• **YOUR INSTRUCTIONS**
Using the material below, repeat exactly the lines from the one with "4、快要出鍋時(shí),順著砂鍋邊加適量料酒!最后撒上香菜段和小蔥花即可!" through the one with "Doble calendario, en", ends included, without any images.

• **MATERIAL SHOWN**
-------------------------

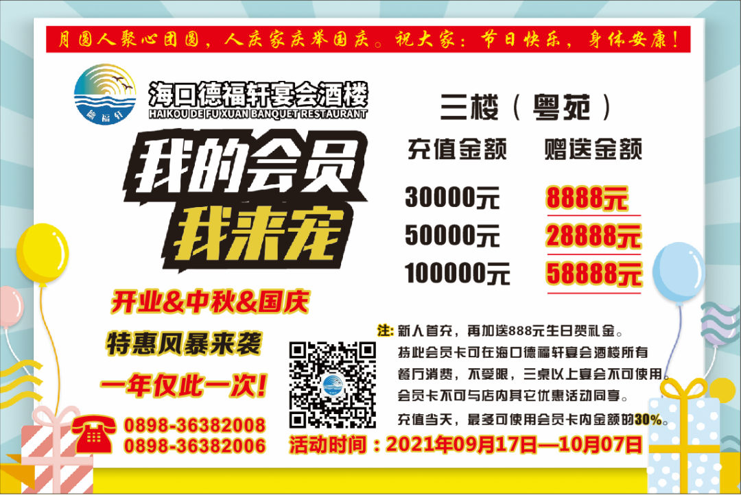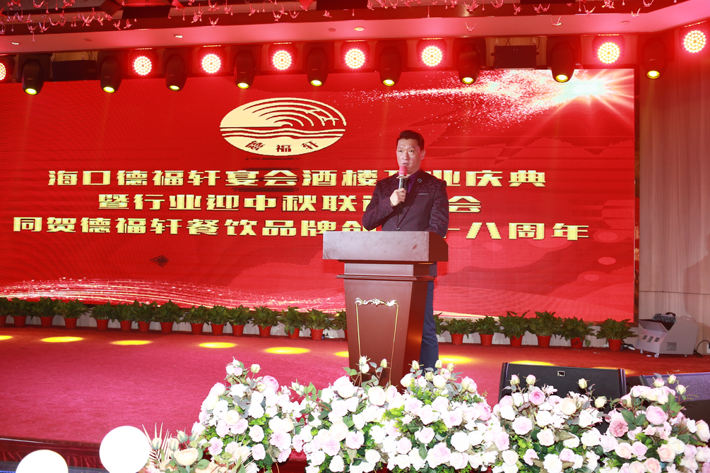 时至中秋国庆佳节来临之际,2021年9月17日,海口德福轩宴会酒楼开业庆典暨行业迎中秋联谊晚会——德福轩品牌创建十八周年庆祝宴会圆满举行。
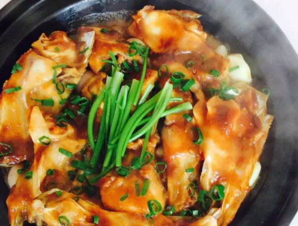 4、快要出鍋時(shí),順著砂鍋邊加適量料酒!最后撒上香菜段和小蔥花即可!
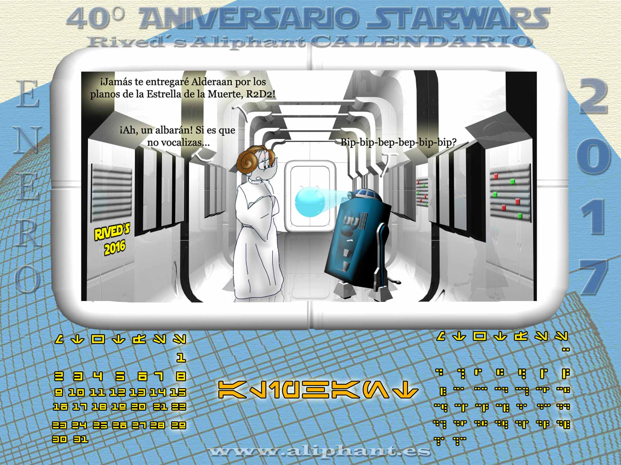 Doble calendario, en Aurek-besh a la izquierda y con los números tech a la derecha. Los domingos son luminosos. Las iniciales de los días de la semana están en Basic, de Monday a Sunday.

-------------------------

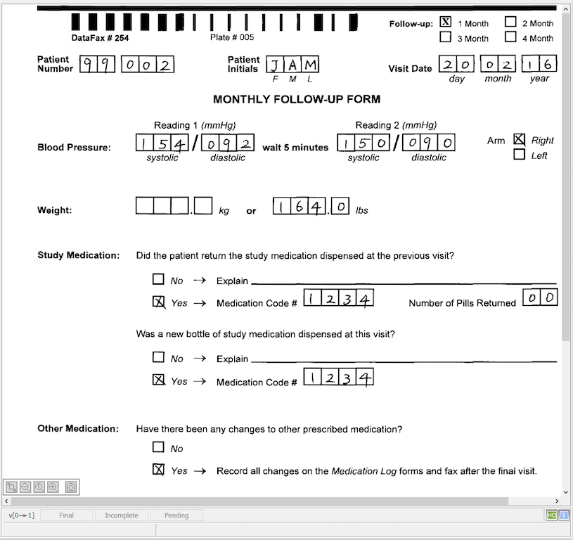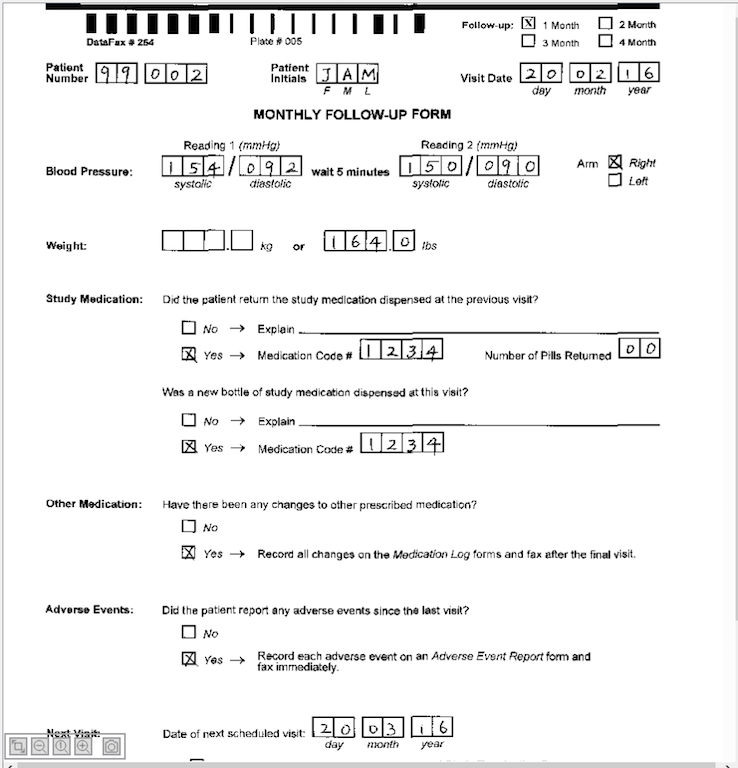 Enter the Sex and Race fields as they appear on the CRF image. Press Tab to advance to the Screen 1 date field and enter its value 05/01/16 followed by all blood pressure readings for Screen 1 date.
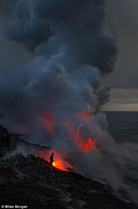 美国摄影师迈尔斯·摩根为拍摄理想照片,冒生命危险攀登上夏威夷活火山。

-------------------------

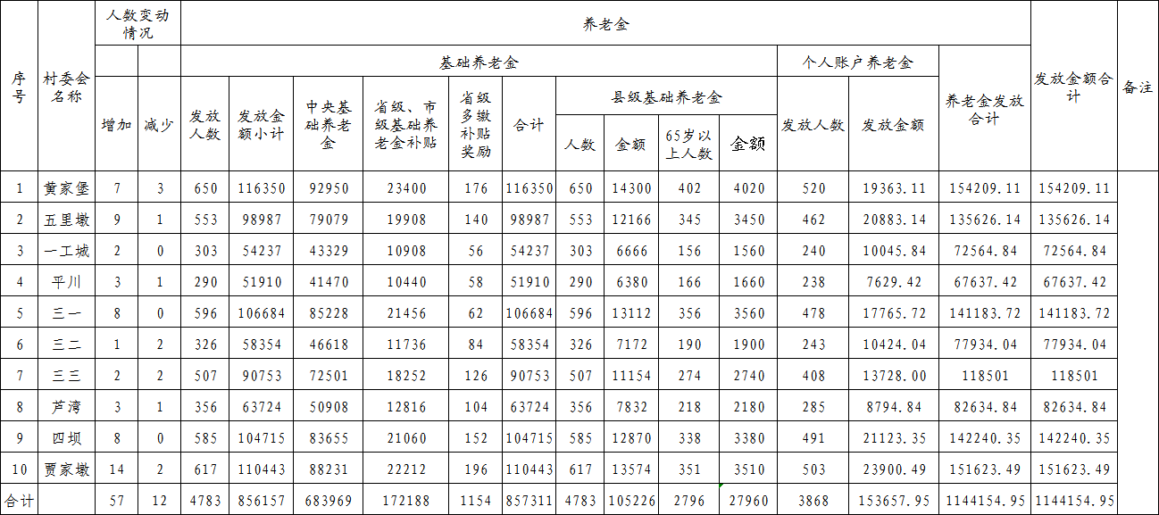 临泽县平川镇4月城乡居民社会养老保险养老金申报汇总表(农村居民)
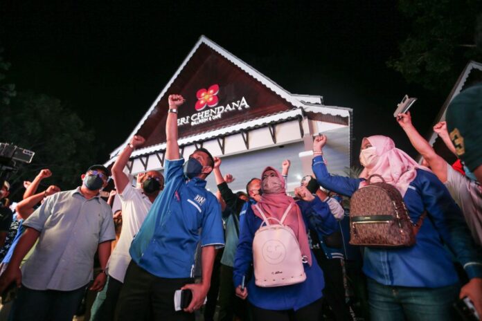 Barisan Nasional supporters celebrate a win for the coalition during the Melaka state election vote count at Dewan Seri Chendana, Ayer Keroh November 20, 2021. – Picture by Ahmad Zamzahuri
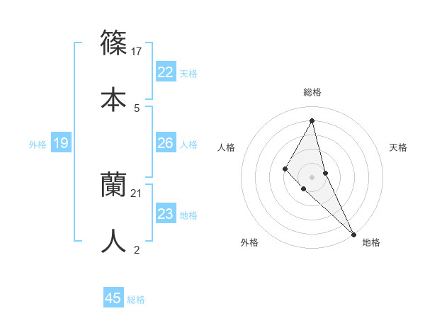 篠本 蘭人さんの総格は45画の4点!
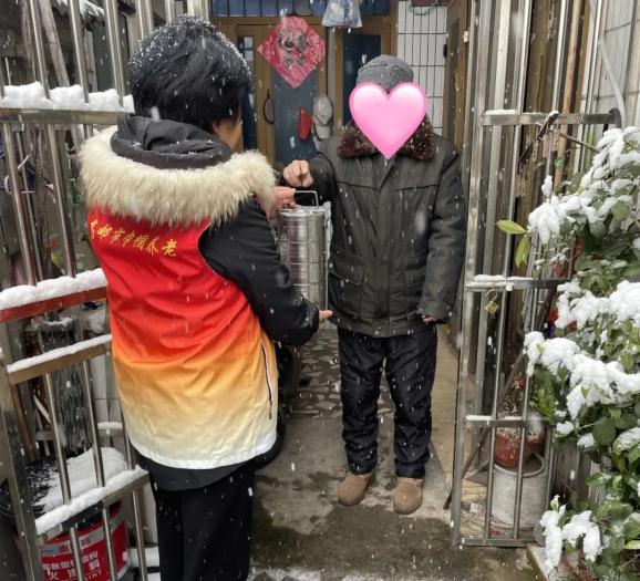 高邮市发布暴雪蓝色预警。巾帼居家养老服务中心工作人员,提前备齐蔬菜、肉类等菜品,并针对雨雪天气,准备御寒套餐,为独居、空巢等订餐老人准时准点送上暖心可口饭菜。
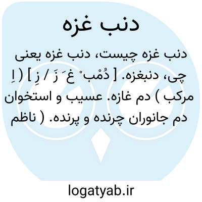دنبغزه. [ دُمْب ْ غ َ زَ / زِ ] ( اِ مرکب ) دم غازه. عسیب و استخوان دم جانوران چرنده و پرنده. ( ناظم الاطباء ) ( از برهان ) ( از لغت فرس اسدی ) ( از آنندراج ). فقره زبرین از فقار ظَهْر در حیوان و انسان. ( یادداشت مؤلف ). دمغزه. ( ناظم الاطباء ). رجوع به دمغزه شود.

-------------------------

• **ANSWER TO THE EXERCISE**
 4、快要出鍋時(shí),順著砂鍋邊加適量料酒!最后撒上香菜段和小蔥花即可!
 Doble calendario, en Aurek-besh a la izquierda y con los números tech a la derecha. Los domingos son luminosos. Las iniciales de los días de la semana están en Basic, de Monday a Sunday.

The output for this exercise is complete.